India has long been referenced by too many European fashion houses and luxury brands

All of last week, our countless new fashion media companies and content creators have gone dizzy with delight broadcasting all the Indian references at Europe’s famous fashion week. The worshipped Italian label Prada presented its menswear show in Milan with models wearing Kolhapuri slippers. Louis Vuitton in Paris referenced so much of India, (Snakes and Ladders on the runway, Bijoy Jain as a model, and A.R. Rahman on the front row, with his music playing live) they should have just had their show at our Gateway. Ed Sheeran dropped a gorgeous new earworm in collaboration with our own rockstar Arijit Singh, and with superstar Shah Rukh Khan making a special appearance.

Has India arrived? Nope. Why? Because it never went anywhere anyway.

India has long been referenced by too many European fashion houses and luxury brands. Cartier famously made jewellery for Indian royals, much of which is still displayed in museums and celebrated as its most iconic pieces.

Christian Dior, Chanel (Karl Lagerfeld), Yves Saint Laurent and Dolce & Gabbana have referenced India in some collections. Louis Vuitton, under the great Indophile Yves Carcelle, commissioned dresses and scarves made from vintage Benarasi saris in 2010 designed by Marc Jacobs; I hold on to mine so sentimentally. Hermes launched a limited edition of silk saris for India in 2011. Christian Louboutin, another great lover of and consistent visitor to India, is often inspired by Indian designs in his collection, even collaborating with our very own Sabyasachi. And H&M had capsule collections across all its international stores first with Sabyasachi and then Anamika Khanna.

Louis Vuitton’s Snakes and Ladders runway | Instagram@louisvuitton

Our labels often showcase at international fashion weeks: Manish Arora was a regular two decades ago and a real toast to crazy kitschy India in Paris. He had opened his own store just off Rue St Honore, collaborated with Nespresso, Mac, and a whole host of big-ticket international brands then. Rahul Mishra and Gaurav Gupta are now seasoned Paris Fashion Week-ers, dressing international celebrities like Beyonce.

Last week alone, the fabulous young label Kartik Research showed its collection at the Paris Men’s Fashion Week. RKive and Countrymade, two young labels I discovered only last year, have showrooms in Paris.
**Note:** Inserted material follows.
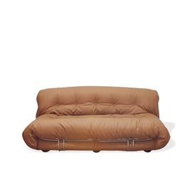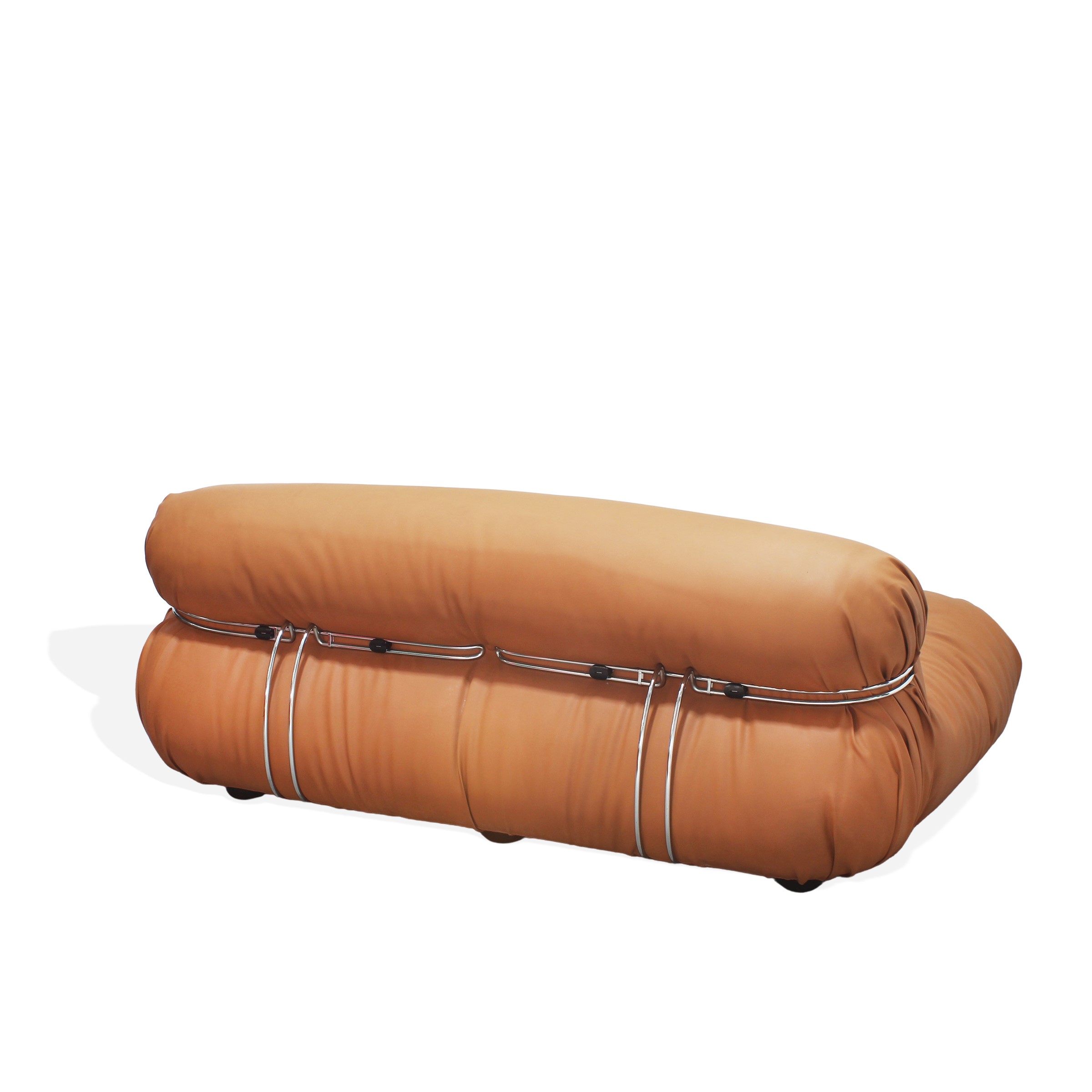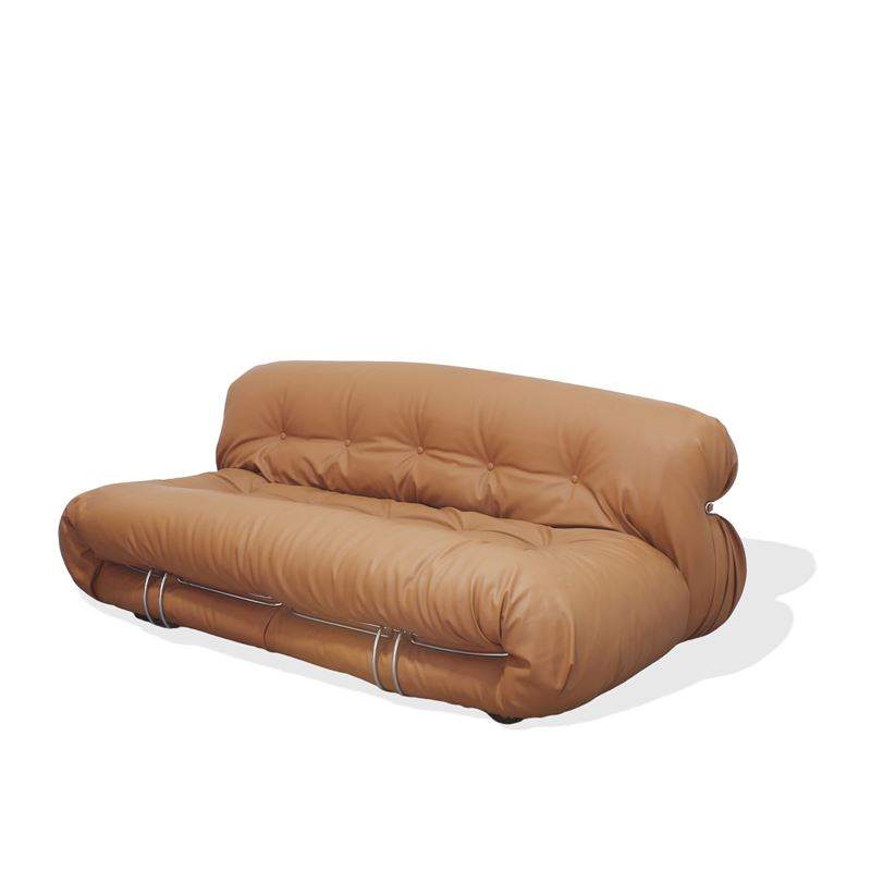 divano mod "Soriana" con struttura in tubolare cromato e rivestimenti in ecopelle, etichetta della produzione

Lauren Sanchez carried an Indian purse (Ahikoza by Namrata Karad) to her wedding, Ed Sheeran just purchased a Jaipur Watch Company timepiece (founder Gaurav Mehta says it underscores “the potential for Indian design to resonate with international audiences”), Manish Malhotra dressed Beyonce and Gucci made a sari-gown-lehenga spritz for Alia Bhatt.

But what does this new focus on India, especially by Dior (with their splendid show in Mumbai in 2023), Prada and Louis Vuitton, signal?

That India is an important market. That India, the world’s largest democracy and fifth largest economy, needs to stand up and consider itself as a major market. That it cannot thump its chest in political chauvinism on the one hand, and ask for concessions and increase tariffs on the other.

If one discounts jewellery and watches, and bridal wear, India has no great numbers to speak of in the world of luxury fashion. If one further discounts Louis Vuitton, Hermes and maybe Dior, no other European luxury label has any numbers to boast of from India.

What does India look like to the western brand? A giant marketplace but with small potential. A difficult place to do business thanks to difficult and ad-hoc policies. A confused and contrarian consumer where western labels are concerned, but one that reveres its local brands.

Some good, some not. But a worthy country to tease and tantalise one more time.